Wang Xiaochuan, Zhang Bo, Wang Fei, Bao Tao, Lu Zhiqing, Bao Jiawei
China Ship Scientific Research Center, Wuxi, China.
Taihu Laboratory of Deepsea Technology Science, Wuxi, China.
PLoS One. 2025 Jul 7;20(7):e0327694. doi: 10.1371/journal.pone.0327694. eCollection 2025.
Traditional uncertainty sampling methods in active learning often neglect category information, leading to imbalanced sample selection in multi-class computer vision tasks. Our approach integrates category information with uncertainty sampling through a novel active learning framework to address this limitation. Our method employs a pre-trained VGG16 architecture and cosine similarity metrics to efficiently extract category features without requiring additional model training. The framework combines these features with traditional uncertainty measures to ensure balanced sampling across classes while maintaining computational efficiency. Extensive experiments across both object detection and image classification tasks validate our method's effectiveness. For object detection, our approach achieves competitive mAP scores while ensuring balanced category representation. For image classification, our method achieves accuracy comparable to state-of-the-art approaches while reducing computational overhead by up to 80%. The results validate our approach's ability to balance sampling efficiency with dataset representativeness across different computer vision tasks. This work offers a practical, efficient solution for large-scale data annotation in domains with limited labeled data and diverse class distributions.

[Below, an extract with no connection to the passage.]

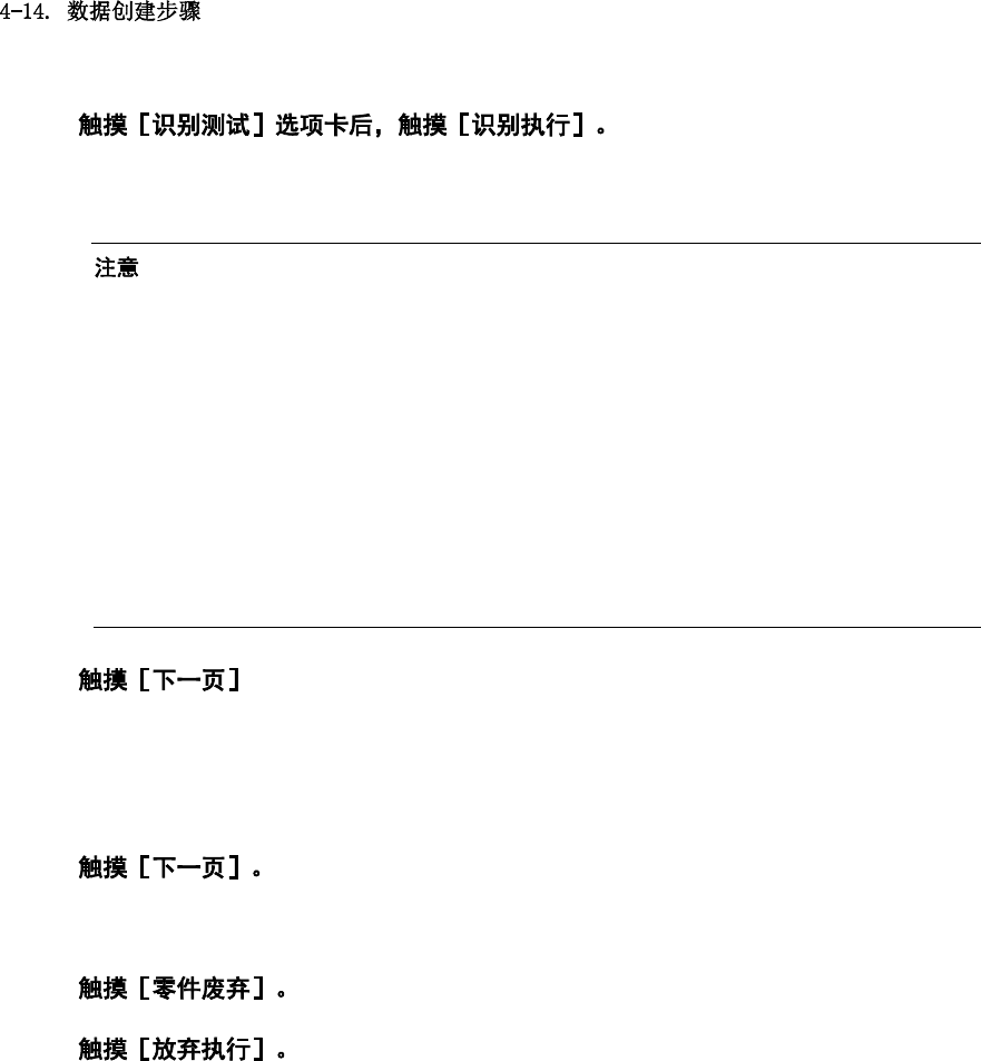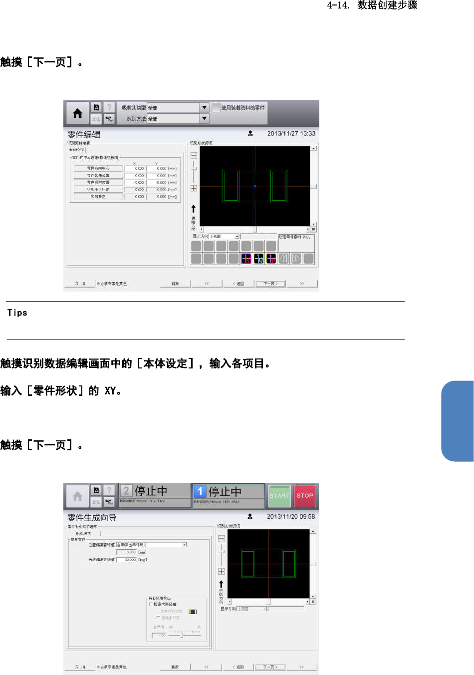 第 4 章 操作篇 21 选中[识别角度]的[ 吸着偏离测试 ]后显示吸附 的偏移,选中[零件 旋转测试]后显示旋 转 吸附零件后利用 角度识 别的状态。 • 识别数据的验证 请从两 方面进行,一是吸附 中发生零件偏移时的 识别稳定性, 二是在 任意角度识别时 的识别 稳定性。 • 验证与零件偏移 相关的 稳定性时,选中[吸 着偏离测试],在[ 旋转角度范围 ]和 [旋转刻度角度 ]中输 入合适的值,然后触 摸[识别执行]。此时,会 受…

主动学习中的传统不确定性采样方法在多类计算机视觉任务中常常忽略类别信息,导致样本选择不均衡。我们的方法通过一个新颖的主动学习框架将类别信息与不确定性采样相结合,以解决这一局限性。我们的方法采用预训练的VGG1,6架构和余弦相似性度量,无需额外的模型训练就能有效地提取类别特征。该框架将这些特征与传统的不确定性度量相结合,以确保在保持计算效率的同时跨类别进行均衡采样。在目标检测和图像分类任务上进行的大量实验验证了我们方法的有效性。对于目标检测而言,我们的方法在确保类别表示均衡的同时取得了具有竞争力的平均精度均值(mAP)分数。对于图像分类,我们的方法在将计算开销降低多达80%的情况下,实现了与最先进方法相当的准确率。这些结果验证了我们的方法在不同计算机视觉任务中平衡采样效率与数据集代表性的能力。这项工作为在标记数据有限且类别分布多样的领域中进行大规模数据标注提供了一个实用、高效的解决方案。